Kanjeng Gusti Pangeran Harya (KGPH) Purbaya angkat suara soal konflik di internal keluarga Keraton Surakarta buntut kemelut putra mahkota.
Keputusan Paku Buwono XIII untuk menetapkan KGPH Purbaya sebagai putra mahkota ditentang kubu Lembaga Dewan Adat (LDA) pimpinan GKR Koes Moertiyah atau akrab disapa Gusti Moeng. Goes Moeng juga dikenal sebagai bibi KGPH Purbaya.
ADVERTISEMENT
SCROLL TO CONTINUE WITH CONTENT
Ditanya soalnya penolakan oleh bibinya itu, KGPH Purbaya mengaku menghormati Gusti Moeng sebagai yang lebih tua. Purbaya menilai bahwa masalah di internal Keraton saat ini merupakan masalah keluarga dan harus diselesaikan secara kekeluargaan.
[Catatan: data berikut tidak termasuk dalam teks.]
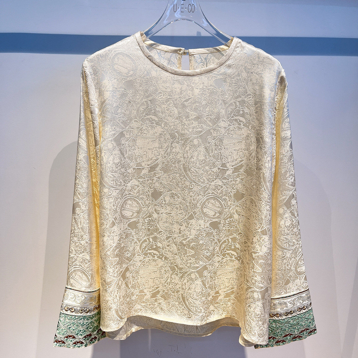 欧洲站春装新款新中式国风高奢提花袖口刺绣圆领百搭小衫上衣女潮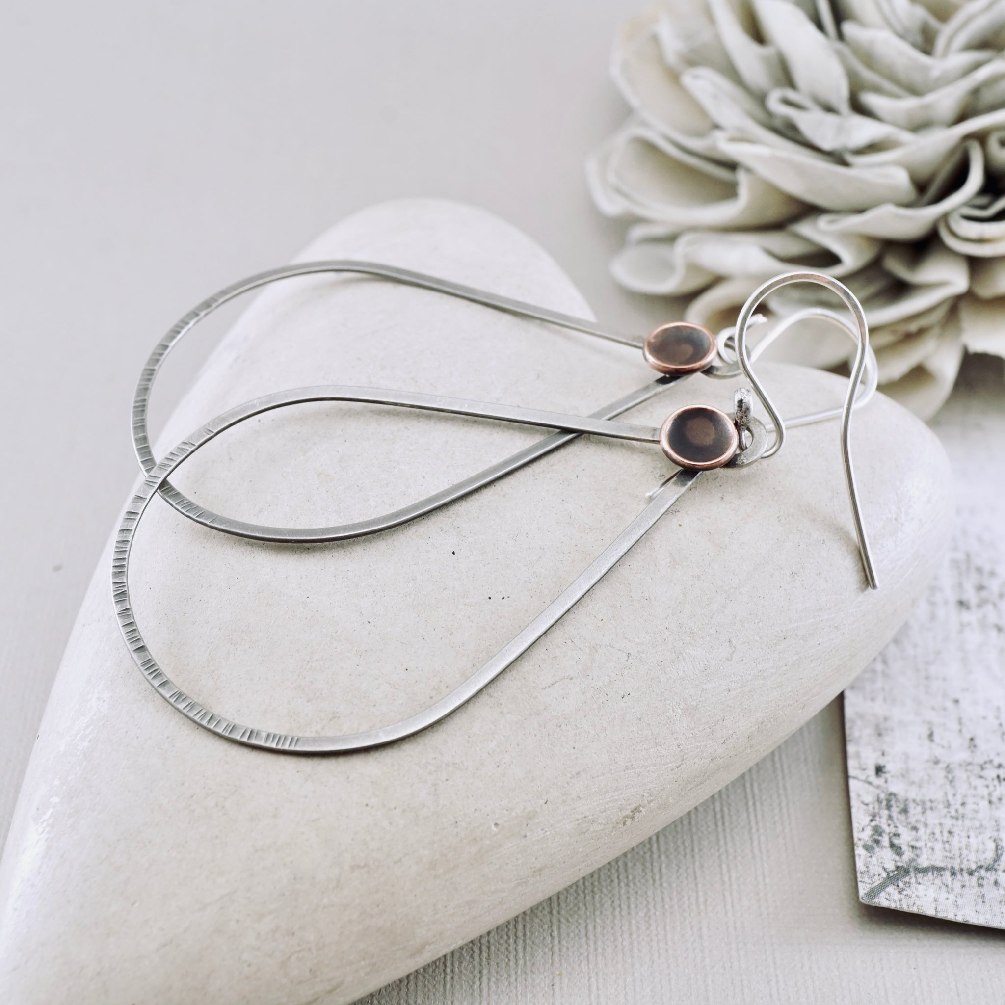 Minimal yet expressive, these hand-forged Sterling Silver earrings feature elongated teardrop loops with a light hammered texture and a small copper dome accent that adds warmth and contrast. Their airy silhouette makes them the perfect pair for everyday wear — simple, sculptural, and effortlessly modern.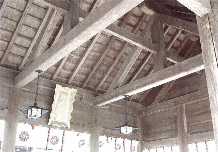 幣殿の南方、正門との中程に位置する。桁行三間梁間三間、切妻造銅板葺。礎石上に円柱を建て、内法貫で固め、舟肘木を置き、桁や梁を支持。小壁を板壁とし、一軒疎垂木。四方吹放ちで、石敷、化粧屋根裏とし、各梁間に豕叉首を組む。大規模で、開放的な拝所。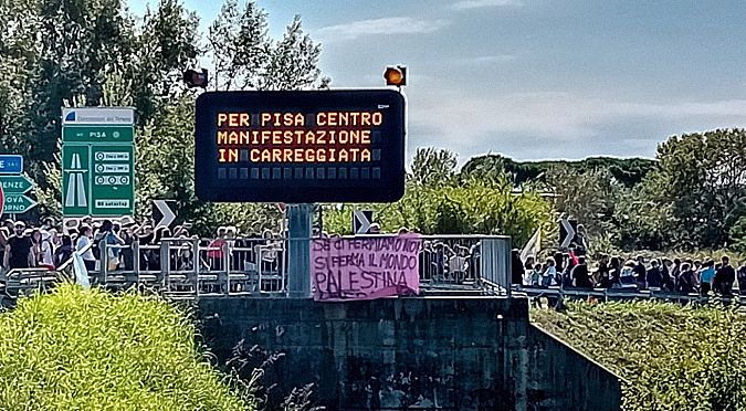 L’azione è arrivata al termine di una mattinata di mobilitazioni che avevano già causato forti disagi in città e nei collegamenti regionali. Prima l’autostrada all’ingresso Pisa-Centro è stata bloccata, con il corteo che successivamente ha percorso l’A12, mentre in parallelo vi era il blocco della superstrada FiPiLi. La manifestazione, dopo il blocco dei treni, si è diretta sull’aeroporto, bersaglio finale della protesta, forzando il blocco e invadendo le piste di atterraggio e partenze dei voli.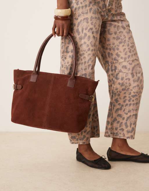 Barneys originals suede shoulder bag in chocolate

"Contoh Tante Moeng, beliau adalah tante saya. Dan saya harus menghormati beliau sebagai tante," kata KGPH Purbaya dikutip dari kanal YouTube Berita Surakarta, Sabtu (24/12).
KGPH Purbaya juga berharap konflik di internal keluarga bisa ditemukan jalan keluarnya lewat musyawarah.
"Saya berharap secepatnya akan mendapat solusi dan bisa menjalankan musyawarah dan semuanya ada jalan keluarnya," katanya.
Konflik keluarga Keraton Solo yang memanas belakangan disebut-sebut karena penolakan Gusti Moeng terhadap penetapan KGPH sebagai putra mahkota.
Bentrok pun pecah pada Jumat (23/12) yang menyebabkan empat orang mengalami luka.
Menurut LDA Gusti Moeng, PB XIII telah mengambil langkah keliru. Gusti Moeng menyebut PB XIII memiliki putra tertua dari pernikahan sebelumnya, yakni KGPH Mangkubumi.
Gusti Moeng menilai KGPH Mangkubumi lebih tepat menjadi putra mahkota karena ia anak tertua Paku Buwono XIII. Menurut dia, penetapan Purbaya sebagai putra mahkota bisa batal demi hukum.
"Ini adiknya (Purboyo) dipaksa oleh ibunya (permaisuri). Dari ibunya saja gagal, (salah satunya) tidak memenuhi kriteria perawan," kata Moeng.